Some lenders offer same day financing upon approval and some lenders may take a few days to transfer the funds. If you need the funds quickly, make sure to see what the lender’s policy is on funding.


Bottom line

With so many lenders offering personal loans, it’s in your best interest to shop around and find a lender that will offer you the best terms. People who shop and apply for personal loans online have the highest levels of overall satisfaction among personal loan borrowers, and the majority say they completely understand their loan applications, according to a J.D. Power consumer survey.

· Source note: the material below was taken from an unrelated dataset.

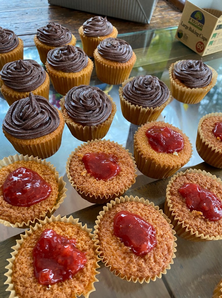 Today was the outdoor birthday party at a park. I needed to sort out strawberry cupcakes and settled on what I will declare as my most successful cake of this three cake weekend. This time I used the King Arthur Classic Birthday Cake for both the cupcakes and the icing. And I made another strawberry compote with a bunch of strawberry jam and some frozen strawberries and a bit of cornstarch. The cake recipe yielded 24 cupcakes PLUS a 6″ round cake (which I froze for some other cake emergency). It was the perfect cake texture and it now going to be my go-to for cupcakes.

FAQs about how to apply for a personal loan

What are the types of personal loans?

There are two types of personal loans — secured and unsecured. Unsecured personal loans aren’t backed by collateral. The lender decides whether you qualify based on your financial history. If you don’t qualify for an unsecured loan or want a lower interest rate, some lenders also offer secured loans. Secured personal loans are backed by collateral, such as a savings account or CD. If you’re unable to make your payments, your lender typically has the right to claim your asset as payment for the loan.

Does applying for a personal loan impact your credit score?

Creditors may review your credit reports and scores when you apply to open a new line of credit. This typically causes a hard inquiry, which may lower your credit scores by a few points regardless of whether you’re approved or declined.

What is the best place to get a personal loan?

Personal loans can be a good option for getting cash to help you to consolidate debt or pay for emergencies, like home or car repairs. But before you sign up for a loan, research your lender options — including banks, credit unions and online lenders.

*Approval Odds are not a guarantee of approval. Credit Karma determines Approval Odds by comparing your credit profile to other Credit Karma members who were approved for the personal loan, or whether you meet certain criteria determined by the lender. Of course, there’s no such thing as a sure thing, but knowing your Approval Odds may help you narrow down your choices. For example, you may not be approved because you don’t meet the lender’s “ability to pay standard” after they verify your income and employment; or, you already have the maximum number of accounts with that specific lender.


About the author: Erica Gellerman is a personal finance writer with an MBA in marketing and strategy from Duke University. She’s also the founder of The Worth Project: a weekly money newsletter you actually want to read. Her work has b… Read more.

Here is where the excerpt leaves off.